Lost all stream access

mntbighker · May 19, 2023, 4:03am

edit: For reasons I can’t explain after multiple restarts graylog just decided to start working again. #shrug

1. Describe your incident:
Lost access to all streams, logs and user account settings

2. Describe your environment:

OS Information: RedHat 8.8
Package Version: Graylog 4.3.14

I’m seeing:

Loading component failed: Loading chunk 5f73c643-169 failed. (error: https://graylog.foo.com/assets/plugin/org.graylog.plugins.enterprise.EnterprisePlugin/5f73c643-169.1397ed61dfe654a0a6f4.js)

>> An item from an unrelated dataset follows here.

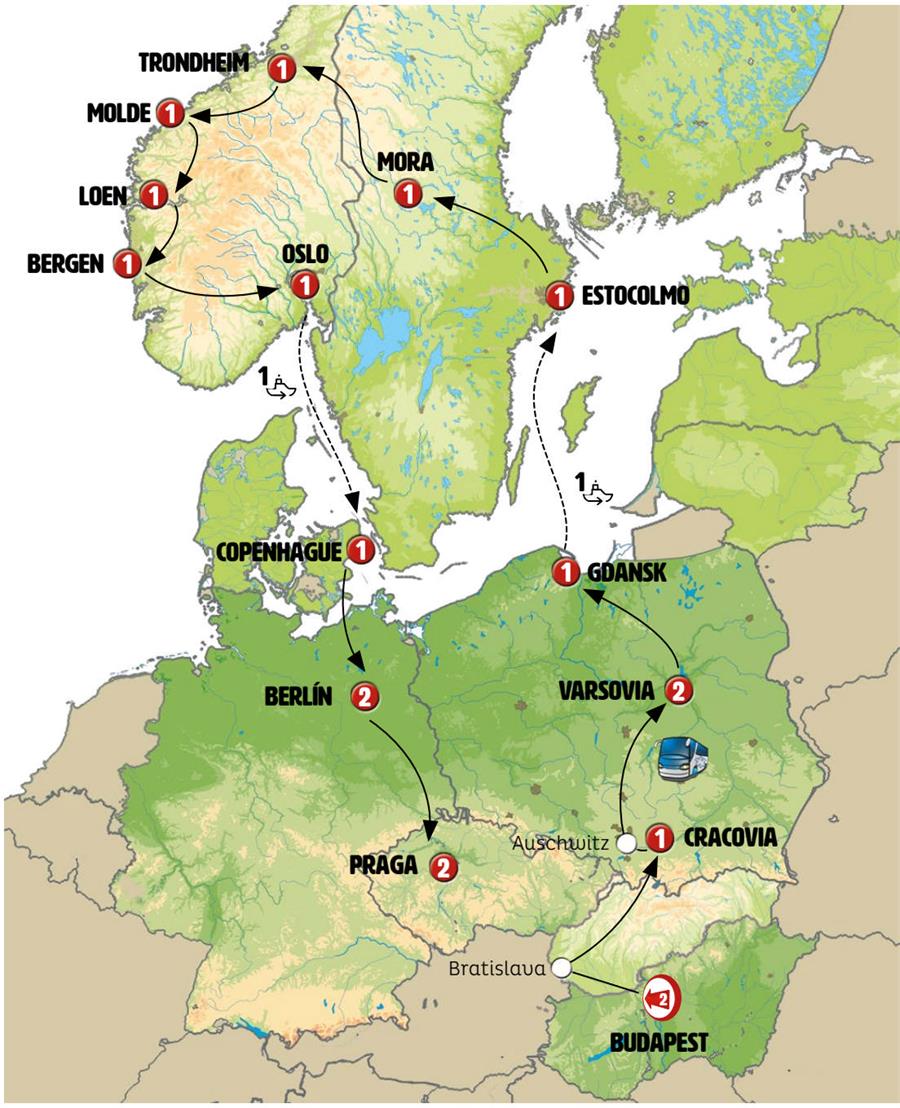 BUDAPEST, BRATISLAVA, TRENCIN, CRACOVIA, AUSCHWITZ, CZESTOCHOWA, VARSOVIA, OLSZTYNEK, CANAL ELBLAG, MALBORK, GDANSK, SOPOT, FERRY SOPOT KARLSKRONA, VASTERVIK, ESTOCOLMO, MORA, FUNASDALEN, ROROS, TRONDHEIM, KRISTIANSUND, CARRETERA ATLANTICA, MOLDE, GEIRANGER, BRIKSDAL, LOEN, BERGEN, EIDFJORD, VORINGFOSSEN, GEILO, OSLO, FERRI OSLO COPENHAGUE, COPENHAGUE

Is this the expected behavior if the Ent lic is exceeded? It seems to keep digesting logs but all access to them is blocked? We added a lot of clients today, but I have never seen violation happen in one day. There was no reported violation this morning.

I’m also seeing these:

[235]: index [graylog_73], type [_doc], id [af9dbe6b-f5e5-11ed-82c4-00155dcc7560], message [Elastics
earchException[Elasticsearch exception [type=illegal_argument_exception, reason=Limit of total field
s [1000] has been exceeded]]]
[379]: index [graylog_73], type [_doc], id [af9f1df4-f5e5-11ed-82c4-00155dcc7560], message [Elastics
earchException[Elasticsearch exception [type=illegal_argument_exception, reason=Limit of total field
s [1000] has been exceeded]]]

So maybe one of the added clients has thrown a wooden shoe into the mechanism?

ihe · May 19, 2023, 9:43am

even if it is working, you should check this post: ElasticsearchException ... Limit of total fields [1000] has been exceeded
It will help you to reduce your fields to a limit below 1000.

mntbighker · May 19, 2023, 4:59pm

I believe the RedHat 8.8 update caused SELinux to start killing part of Graylog. I made SEL permissive and at some point after that GL just started working again.

chris.black-gl · May 19, 2023, 10:30pm

Glad to hear it, but you still need to address the field limit issue in the logs. You are dropping some number of logs until you deal with it.

Review the doc @ihe sent and use your streams and index routing to break your traffic into separate index sets, so you have fewer streams per index.

mntbighker · May 19, 2023, 10:46pm

Thanks, I will look into field limits next week.

I was able to make SEL enforcing again after relabeling a shed load of files, including a LOT of Elastic files. Not sure what RH8.8 did, but that seems to have been the catalyst.

system · June 2, 2023, 10:47pm

This topic was automatically closed 14 days after the last reply. New replies are no longer allowed.